Stabilizing effect of chemical additives against oxidation of lactate dehydrogenase
- PMID: 11115385
- DOI: 10.1042/ba20000014
Stabilizing effect of chemical additives against oxidation of lactate dehydrogenase
Abstract
Oxidation is one of the major pathways for denaturation of proteins during storage, and also a potential problem in protein production, isolation and purification processes. In this study, a number of additives have been tested for their protective effects against oxidation in the presence of metal ions and hydrogen peroxide.
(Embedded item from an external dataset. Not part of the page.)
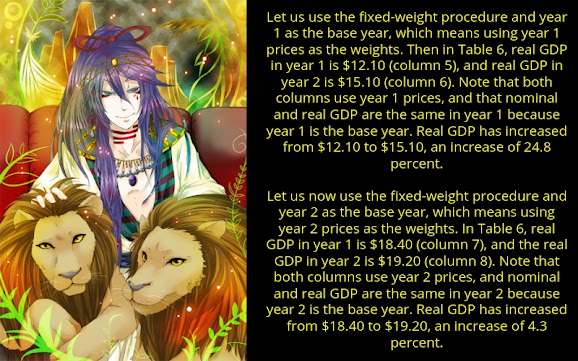 So far, we have looked at GDP measured in current dollars, or the current prices we pay for things. When a variable is measured in current dollars, it is described in nominal terms. Nominal GDP is GDP measured in current dollars---all components of GDP valued at their current prices. In many applications of macroeconomics, nominal GDP is not a very desirable measure of production. Why? Assume there is only one good---say, pizza. In each year 1 and 2, 100 units (slices) of pizza were produced. Production thus remained the same for year 1 and year 2. Suppose the price of pizza increased from $1 per slice in year 1 to $1.10 per slice in year 2. Nominal GDP in year 1 is $100 (100 units * $1 per unit), and nominal GDP in year 2 is $1.10 (100 units * $1.10 per unit). Nominal GDP has increased by $10, even though no more slices of pizza were produced. If we use nominal GDP to measure growth, we can be misled into thinking production has grown when all that has really happened is a rise in the price level (inflation). If there were only one good in the economy---like pizza---it would be easy to measure production and compare one year's value to another's. We would add up all the pizza slices produced each year. In the example, production is 100 in both years. If the number of slices had increased to 105 in year two, we would say production increased by 5 slices between year one and year two, which is a 5 percent increase. Alas, however, there is more than one good in the economy. The following is a discussion of how the Bureau of Economic Analysis (BEA) adjusts nominal GDP for price changes. As you read the discussion, keep in mind that this adjustment is not easy. Even in an economy of just apples and oranges, it would not be obvious how to add up apples and oranges to get an overall measure of output. The BEA's task is to add up thousands of goods, each of whose price is changing over time. In the following we will use the concept of a weight, either price weights or quantity weights. What is a weight? It is easiest to define the term by an example. Suppose in an economics course there is a final exam and two other tests. If the final exam counts for one-half of the grade and the other two tests for one-fourth each, the "weights" are one-half, one-fourth, and one-fourth. If instead the final exam counts for 80 percent of the grade and the other two tests for 10 percent each, the weights are .8, .1, and .1. The more important an item is in a group, the larger its weight. Calculating Real GDP Nominal GDP adjusted for price changes is called real GDP. All the main issues involved in computing real GDP can be discussed using a simple three-good economy and 2 years. Table 6 presents all the data that we will need. The table presents price and quantity data for two years and three goods. The goods are labeled A, B, and C, and the years are labeled 1 and 2. P denotes price, and Q denotes quantity. TABLE 6 The first thing to note from Table 6 is that nominal output in current dollars in year one for good A is the price of good A in year 1 ($0.50) times the number of units of good A produced in year 1 (6), which is $3.00. Similarly, nominal output in year 1 is 7 * $0.30 = $2.10 for good B and 10 * $0.70 = $7 for good C. The sum of these three amounts, $12.10 in column 5, is nominal GDP in year 1 in this simple economy. Nominal GDP in year 2---calculated by using the year 2 quantities and the year 2 prices---is $19.20 (column 8). Nominal GDP has risen from $12.10 in year 1 to $19.20 in year 2, an increase of 58.7 percent. You can see that the price of each good changed between year 1 and year 2---the price of good A fell ($0.50 cents to $0.40) and the price of goods B and C rose (B from $0.30 to $1.00; C from $0.70 to $0.90). Some of the change in nominal GDP between years 1 and 2 is due to price changes and not production changes. How much can we attribute to price changes and how much to production changes? Here, things get tricky. The procedure that the BEA used prior to 1996 was to pick a base year and use the prices in that base year as weights to calculate real GDP. This is a fixed-weight procedure because the weights used, which are the prices, are the same for all years---namely, the prices that prevailed in the base year. This example shows that growth rates can be sensitive to the choice of the base year---24.8 percent using year 1 prices as weights and 4.3 percent using year 2 prices as weights. The old BEA procedure simply picked one year as the base year and did all the calculations using the prices in that year as weights. The new procedure makes two important changes. The first (using the current example) is to "split the difference" between 24.8 percent and 4.3 percent. What does "splitting the difference" mean? One way would be to take the average of the two numbers, which is 14.55 percent. What the BEA does is to take the geometric average (The geometric mean is most appropriate for series that exhibit serial correlation. This is especially true for investment portfolios (investopedia.com)], which for the current example is 14.09 percent. These two averages (14.55 percent and 14.09 percent) are quite close, and the use of either would give similar results. The point here is not that the geometric average is used, but that the first change is to split the difference using some average. Note that this new procedure requires two "base" years, because 24.8 percent was computed using year 1 prices as weights and 4.3 percent was computed using year 2 prices as weights. The second BEA change is to use years 1 and 2 as the base years when computing the percentage change between years 1 and 2, then use years 2 and 3 as the base years when computing the percentage change between years 2 and 3, and so on. The two base years change as the calculations move through time. The series of percentage changes computed in this way is taken to be the series of growth rates of real GDP, and so in this way n

Porcine muscle lactate dehydrogenase (LDH) was used as a model protein. Oxidation and denaturation of the enzyme were followed as activity loss, modification of certain amino acids, altered secondary structure and aggregation. Loss of activity during metal-catalysed oxidation was accompanied by structural damage of the enzyme, which was not the case during oxidation with peroxide. The best protectant during both modes of oxidation was found to be the polycation, poly(ethyleneimine) (PEI), followed by EDTA. Both chemicals also increased the enzyme's half-life during oxidation with a mixture of copper ions and hydrogen peroxide. Ammonium sulphate was an effective stabilizer during metal-catalysed oxidation, while sorbitol, sucrose and hydroxyectoine provided moderate stabilization. The ectoine was also stabilizing against oxidation with hydrogen peroxide, as was poly(ethylene glycol), whereas sorbitol enhanced the rate of enzyme inactivation. The stability of LDH towards denaturation by both oxidation and temperature was increased by addition of both PEI and sorbitol, as indicated by the melting-temperature profiles of the enzyme.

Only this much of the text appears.